Exactly the lines below, starting with the one containing "2. Type or Paste" and going on through the one containing "Пакет использует для", must be reproduced, both ends included, and no pictures with them.

▶ _Task material_:
[Start of section]
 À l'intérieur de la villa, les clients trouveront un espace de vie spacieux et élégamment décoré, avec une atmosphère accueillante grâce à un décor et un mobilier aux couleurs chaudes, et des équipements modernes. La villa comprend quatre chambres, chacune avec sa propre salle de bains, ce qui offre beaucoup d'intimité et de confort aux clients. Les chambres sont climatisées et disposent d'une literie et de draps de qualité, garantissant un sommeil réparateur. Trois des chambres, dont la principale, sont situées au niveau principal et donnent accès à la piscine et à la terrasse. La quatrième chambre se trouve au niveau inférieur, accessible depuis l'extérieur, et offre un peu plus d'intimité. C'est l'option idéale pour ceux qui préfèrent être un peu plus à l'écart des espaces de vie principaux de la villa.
[End of section]
[Start of section]
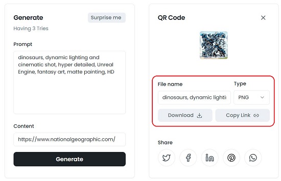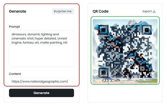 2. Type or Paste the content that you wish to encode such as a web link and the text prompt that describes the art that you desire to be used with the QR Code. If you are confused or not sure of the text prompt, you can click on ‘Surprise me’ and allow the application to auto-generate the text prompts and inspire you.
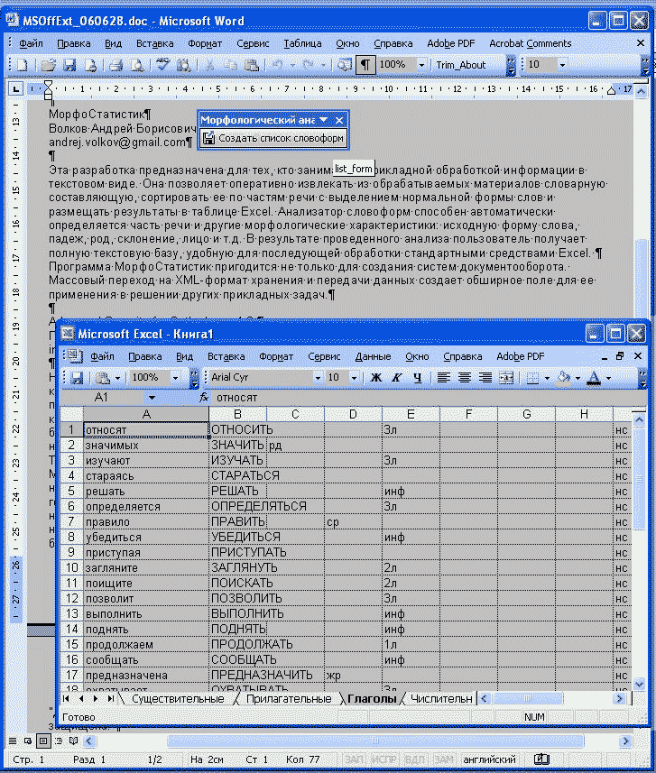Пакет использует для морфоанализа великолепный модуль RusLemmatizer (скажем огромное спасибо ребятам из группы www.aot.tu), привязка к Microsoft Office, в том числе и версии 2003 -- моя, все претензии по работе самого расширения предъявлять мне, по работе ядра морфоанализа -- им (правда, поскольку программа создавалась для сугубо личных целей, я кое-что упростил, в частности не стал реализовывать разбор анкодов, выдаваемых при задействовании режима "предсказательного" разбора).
[End of section]
▶ _Your solution_:
 2. Type or Paste the content that you wish to encode such as a web link and the text prompt that describes the art that you desire to be used with the QR Code. If you are confused or not sure of the text prompt, you can click on ‘Surprise me’ and allow the application to auto-generate the text prompts and inspire you.
Пакет использует для морфоанализа великолепный модуль RusLemmatizer (скажем огромное спасибо ребятам из группы www.aot.tu), привязка к Microsoft Office, в том числе и версии 2003 -- моя, все претензии по работе самого расширения предъявлять мне, по работе ядра морфоанализа -- им (правда, поскольку программа создавалась для сугубо личных целей, я кое-что упростил, в частности не стал реализовывать разбор анкодов, выдаваемых при задействовании режима "предсказательного" разбора).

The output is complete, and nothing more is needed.